## Exercise aim
What you return must be exactly the lines from the one containing "BIG RED ツールキャビネット" through the close of the listing, both included.
=== Supplied entries ===
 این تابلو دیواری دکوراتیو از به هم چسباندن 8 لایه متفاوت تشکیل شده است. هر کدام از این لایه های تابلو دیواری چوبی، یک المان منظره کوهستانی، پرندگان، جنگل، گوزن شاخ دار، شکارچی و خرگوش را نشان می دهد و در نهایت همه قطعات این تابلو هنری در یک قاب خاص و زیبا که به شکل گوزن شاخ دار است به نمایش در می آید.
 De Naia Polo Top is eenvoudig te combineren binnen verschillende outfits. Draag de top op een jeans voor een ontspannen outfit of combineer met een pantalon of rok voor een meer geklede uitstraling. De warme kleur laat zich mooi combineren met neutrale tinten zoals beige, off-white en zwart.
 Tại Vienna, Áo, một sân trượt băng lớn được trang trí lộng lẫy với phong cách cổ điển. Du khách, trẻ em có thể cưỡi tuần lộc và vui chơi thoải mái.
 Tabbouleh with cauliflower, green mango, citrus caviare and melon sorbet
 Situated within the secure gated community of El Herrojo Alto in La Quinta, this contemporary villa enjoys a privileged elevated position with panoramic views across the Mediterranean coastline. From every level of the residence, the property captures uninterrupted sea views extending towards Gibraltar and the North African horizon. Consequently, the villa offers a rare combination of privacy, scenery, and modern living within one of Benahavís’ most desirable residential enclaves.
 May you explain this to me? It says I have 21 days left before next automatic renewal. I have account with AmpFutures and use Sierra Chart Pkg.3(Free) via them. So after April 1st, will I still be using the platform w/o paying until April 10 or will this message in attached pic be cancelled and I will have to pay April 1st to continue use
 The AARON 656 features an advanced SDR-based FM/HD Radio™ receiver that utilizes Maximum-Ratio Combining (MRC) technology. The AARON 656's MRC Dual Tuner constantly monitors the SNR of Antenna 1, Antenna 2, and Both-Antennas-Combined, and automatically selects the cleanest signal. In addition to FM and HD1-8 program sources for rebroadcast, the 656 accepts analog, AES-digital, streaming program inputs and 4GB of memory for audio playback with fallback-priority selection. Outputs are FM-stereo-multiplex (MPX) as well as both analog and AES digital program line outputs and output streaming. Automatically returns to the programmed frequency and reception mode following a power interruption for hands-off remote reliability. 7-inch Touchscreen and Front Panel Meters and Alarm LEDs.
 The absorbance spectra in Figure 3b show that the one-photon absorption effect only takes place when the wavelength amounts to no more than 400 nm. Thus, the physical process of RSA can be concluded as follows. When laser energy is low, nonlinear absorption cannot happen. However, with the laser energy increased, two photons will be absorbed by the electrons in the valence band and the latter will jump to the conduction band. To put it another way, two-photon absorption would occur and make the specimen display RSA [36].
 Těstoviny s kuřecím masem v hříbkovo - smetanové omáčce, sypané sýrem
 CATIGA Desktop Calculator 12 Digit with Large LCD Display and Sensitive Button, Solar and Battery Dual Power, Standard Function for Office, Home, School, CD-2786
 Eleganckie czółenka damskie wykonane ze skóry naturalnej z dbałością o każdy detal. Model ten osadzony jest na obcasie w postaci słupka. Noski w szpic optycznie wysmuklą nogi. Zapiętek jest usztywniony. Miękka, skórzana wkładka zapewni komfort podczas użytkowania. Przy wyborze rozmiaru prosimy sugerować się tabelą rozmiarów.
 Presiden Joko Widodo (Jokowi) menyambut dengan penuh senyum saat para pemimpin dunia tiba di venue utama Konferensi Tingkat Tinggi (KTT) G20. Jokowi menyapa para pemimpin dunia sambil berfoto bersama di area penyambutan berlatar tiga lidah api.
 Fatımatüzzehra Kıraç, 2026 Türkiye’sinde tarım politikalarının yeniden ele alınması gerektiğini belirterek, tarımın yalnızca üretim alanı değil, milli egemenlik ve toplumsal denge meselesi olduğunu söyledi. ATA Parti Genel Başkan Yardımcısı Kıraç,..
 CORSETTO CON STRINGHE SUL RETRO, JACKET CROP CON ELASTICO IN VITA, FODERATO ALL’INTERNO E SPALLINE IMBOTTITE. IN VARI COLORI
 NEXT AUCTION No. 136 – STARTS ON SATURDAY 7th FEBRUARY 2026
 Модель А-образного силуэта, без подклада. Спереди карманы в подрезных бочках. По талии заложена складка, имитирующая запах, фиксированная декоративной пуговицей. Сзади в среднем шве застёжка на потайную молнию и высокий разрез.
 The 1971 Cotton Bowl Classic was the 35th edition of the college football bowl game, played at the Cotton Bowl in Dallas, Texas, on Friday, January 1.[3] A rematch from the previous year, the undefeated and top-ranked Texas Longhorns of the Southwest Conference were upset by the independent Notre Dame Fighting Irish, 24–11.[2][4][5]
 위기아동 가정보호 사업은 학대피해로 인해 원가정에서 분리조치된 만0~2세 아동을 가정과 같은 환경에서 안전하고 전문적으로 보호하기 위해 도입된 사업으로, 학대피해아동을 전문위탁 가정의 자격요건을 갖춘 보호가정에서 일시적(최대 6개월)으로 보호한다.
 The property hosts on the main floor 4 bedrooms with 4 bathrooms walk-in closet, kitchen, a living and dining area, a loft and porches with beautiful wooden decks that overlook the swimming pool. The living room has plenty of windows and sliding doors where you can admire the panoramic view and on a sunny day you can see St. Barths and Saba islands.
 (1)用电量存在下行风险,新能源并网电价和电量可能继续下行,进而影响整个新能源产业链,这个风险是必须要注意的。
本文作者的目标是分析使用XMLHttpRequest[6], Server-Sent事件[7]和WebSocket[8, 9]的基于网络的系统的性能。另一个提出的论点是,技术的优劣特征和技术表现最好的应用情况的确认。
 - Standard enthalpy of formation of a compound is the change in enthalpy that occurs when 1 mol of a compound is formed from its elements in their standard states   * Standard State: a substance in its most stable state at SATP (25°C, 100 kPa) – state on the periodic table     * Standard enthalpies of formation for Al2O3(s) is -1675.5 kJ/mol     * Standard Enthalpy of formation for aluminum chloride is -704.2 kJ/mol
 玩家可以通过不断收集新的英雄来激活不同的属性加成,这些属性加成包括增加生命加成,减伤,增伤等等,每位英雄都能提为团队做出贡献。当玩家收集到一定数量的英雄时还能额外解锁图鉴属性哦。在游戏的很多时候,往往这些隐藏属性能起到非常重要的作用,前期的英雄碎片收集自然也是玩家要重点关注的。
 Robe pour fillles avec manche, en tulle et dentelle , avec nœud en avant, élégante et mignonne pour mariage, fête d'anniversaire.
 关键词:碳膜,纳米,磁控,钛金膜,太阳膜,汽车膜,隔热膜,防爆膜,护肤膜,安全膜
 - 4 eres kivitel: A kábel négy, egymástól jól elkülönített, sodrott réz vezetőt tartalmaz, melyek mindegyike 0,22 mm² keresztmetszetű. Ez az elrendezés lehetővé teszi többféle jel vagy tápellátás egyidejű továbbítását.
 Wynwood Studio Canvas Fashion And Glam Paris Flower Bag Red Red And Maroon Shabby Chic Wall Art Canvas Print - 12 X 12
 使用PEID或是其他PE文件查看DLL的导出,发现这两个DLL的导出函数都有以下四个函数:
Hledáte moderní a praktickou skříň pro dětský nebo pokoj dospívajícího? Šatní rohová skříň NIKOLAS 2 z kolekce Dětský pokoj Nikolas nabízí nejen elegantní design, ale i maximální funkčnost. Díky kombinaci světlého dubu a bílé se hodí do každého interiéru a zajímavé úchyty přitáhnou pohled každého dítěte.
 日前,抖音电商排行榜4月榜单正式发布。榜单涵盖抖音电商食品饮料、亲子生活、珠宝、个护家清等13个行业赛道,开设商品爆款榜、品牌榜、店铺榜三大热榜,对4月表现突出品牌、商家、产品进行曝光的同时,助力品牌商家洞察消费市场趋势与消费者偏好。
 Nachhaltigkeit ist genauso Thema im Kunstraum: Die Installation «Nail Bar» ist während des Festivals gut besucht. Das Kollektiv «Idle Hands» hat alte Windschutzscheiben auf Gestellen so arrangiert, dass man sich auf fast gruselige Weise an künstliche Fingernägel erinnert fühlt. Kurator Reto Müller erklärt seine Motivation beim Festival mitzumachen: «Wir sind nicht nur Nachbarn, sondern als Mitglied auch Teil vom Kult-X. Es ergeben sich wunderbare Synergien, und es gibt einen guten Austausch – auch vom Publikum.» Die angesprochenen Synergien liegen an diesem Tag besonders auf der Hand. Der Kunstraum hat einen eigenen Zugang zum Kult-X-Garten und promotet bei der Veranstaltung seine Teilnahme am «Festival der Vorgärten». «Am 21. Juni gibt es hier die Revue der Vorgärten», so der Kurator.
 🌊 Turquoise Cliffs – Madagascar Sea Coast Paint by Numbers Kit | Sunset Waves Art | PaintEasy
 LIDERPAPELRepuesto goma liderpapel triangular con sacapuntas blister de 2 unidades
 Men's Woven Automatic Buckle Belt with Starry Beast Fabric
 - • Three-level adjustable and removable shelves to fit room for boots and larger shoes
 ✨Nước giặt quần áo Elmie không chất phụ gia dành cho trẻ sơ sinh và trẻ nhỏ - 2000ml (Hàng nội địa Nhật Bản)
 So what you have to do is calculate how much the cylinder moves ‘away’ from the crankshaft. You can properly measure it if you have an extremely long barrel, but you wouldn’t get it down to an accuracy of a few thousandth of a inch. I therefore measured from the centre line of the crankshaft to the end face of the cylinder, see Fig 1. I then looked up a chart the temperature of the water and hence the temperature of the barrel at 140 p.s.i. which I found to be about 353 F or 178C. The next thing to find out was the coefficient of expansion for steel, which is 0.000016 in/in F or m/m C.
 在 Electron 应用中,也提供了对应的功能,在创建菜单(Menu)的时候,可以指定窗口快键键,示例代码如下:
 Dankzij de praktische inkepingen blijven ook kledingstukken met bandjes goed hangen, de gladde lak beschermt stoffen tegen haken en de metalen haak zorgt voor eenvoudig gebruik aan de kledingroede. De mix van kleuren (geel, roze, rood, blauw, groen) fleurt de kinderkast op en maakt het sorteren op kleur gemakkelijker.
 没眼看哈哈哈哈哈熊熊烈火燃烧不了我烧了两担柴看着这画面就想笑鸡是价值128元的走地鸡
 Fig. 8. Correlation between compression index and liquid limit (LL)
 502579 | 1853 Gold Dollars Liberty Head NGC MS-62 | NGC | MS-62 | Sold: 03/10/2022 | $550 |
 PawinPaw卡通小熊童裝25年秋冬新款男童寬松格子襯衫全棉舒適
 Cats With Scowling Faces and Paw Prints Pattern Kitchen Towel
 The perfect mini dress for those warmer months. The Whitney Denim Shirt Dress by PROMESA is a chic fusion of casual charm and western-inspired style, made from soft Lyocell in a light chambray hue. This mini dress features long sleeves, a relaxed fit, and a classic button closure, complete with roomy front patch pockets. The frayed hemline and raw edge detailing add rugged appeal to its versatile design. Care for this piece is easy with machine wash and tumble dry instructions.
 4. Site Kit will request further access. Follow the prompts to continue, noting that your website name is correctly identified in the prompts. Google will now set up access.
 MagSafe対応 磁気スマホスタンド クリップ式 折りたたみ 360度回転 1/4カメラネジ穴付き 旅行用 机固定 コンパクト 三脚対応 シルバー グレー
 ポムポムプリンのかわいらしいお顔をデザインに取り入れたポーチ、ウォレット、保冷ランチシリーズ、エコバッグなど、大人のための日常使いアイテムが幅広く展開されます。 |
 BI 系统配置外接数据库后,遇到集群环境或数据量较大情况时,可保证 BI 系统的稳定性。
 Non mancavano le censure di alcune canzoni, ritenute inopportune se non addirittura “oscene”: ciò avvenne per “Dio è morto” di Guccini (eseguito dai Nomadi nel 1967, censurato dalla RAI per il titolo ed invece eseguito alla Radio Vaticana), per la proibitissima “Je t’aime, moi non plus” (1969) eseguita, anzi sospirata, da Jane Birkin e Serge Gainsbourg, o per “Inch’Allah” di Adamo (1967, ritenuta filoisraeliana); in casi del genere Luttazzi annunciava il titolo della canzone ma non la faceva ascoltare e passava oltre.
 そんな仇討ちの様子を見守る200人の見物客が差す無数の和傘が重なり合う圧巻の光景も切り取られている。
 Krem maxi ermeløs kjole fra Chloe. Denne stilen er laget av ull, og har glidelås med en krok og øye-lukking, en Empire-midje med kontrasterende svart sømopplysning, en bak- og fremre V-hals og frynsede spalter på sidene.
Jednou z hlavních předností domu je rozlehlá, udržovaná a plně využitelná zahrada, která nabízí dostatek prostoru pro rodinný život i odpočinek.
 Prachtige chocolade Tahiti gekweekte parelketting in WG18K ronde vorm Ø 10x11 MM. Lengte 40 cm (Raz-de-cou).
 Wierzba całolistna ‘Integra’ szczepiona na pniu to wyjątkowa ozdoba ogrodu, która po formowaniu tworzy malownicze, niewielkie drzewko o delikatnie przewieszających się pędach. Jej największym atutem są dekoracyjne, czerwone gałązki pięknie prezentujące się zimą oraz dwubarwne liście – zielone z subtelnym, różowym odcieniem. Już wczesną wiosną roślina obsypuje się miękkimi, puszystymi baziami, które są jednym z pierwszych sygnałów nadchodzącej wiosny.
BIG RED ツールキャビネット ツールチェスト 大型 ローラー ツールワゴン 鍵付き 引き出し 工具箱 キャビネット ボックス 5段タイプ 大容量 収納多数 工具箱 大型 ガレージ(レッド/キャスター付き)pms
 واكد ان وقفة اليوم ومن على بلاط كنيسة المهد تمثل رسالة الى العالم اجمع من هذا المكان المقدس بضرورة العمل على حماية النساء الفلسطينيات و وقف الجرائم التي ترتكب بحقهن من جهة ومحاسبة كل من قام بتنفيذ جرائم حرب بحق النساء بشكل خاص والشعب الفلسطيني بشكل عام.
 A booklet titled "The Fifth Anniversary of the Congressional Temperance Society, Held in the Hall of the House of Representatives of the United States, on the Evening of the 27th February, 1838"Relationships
===
## Response box
BIG RED ツールキャビネット ツールチェスト 大型 ローラー ツールワゴン 鍵付き 引き出し 工具箱 キャビネット ボックス 5段タイプ 大容量 収納多数 工具箱 大型 ガレージ(レッド/キャスター付き)pms
 واكد ان وقفة اليوم ومن على بلاط كنيسة المهد تمثل رسالة الى العالم اجمع من هذا المكان المقدس بضرورة العمل على حماية النساء الفلسطينيات و وقف الجرائم التي ترتكب بحقهن من جهة ومحاسبة كل من قام بتنفيذ جرائم حرب بحق النساء بشكل خاص والشعب الفلسطيني بشكل عام.
 A booklet titled "The Fifth Anniversary of the Congressional Temperance Society, Held in the Hall of the House of Representatives of the United States, on the Evening of the 27th February, 1838"Relationships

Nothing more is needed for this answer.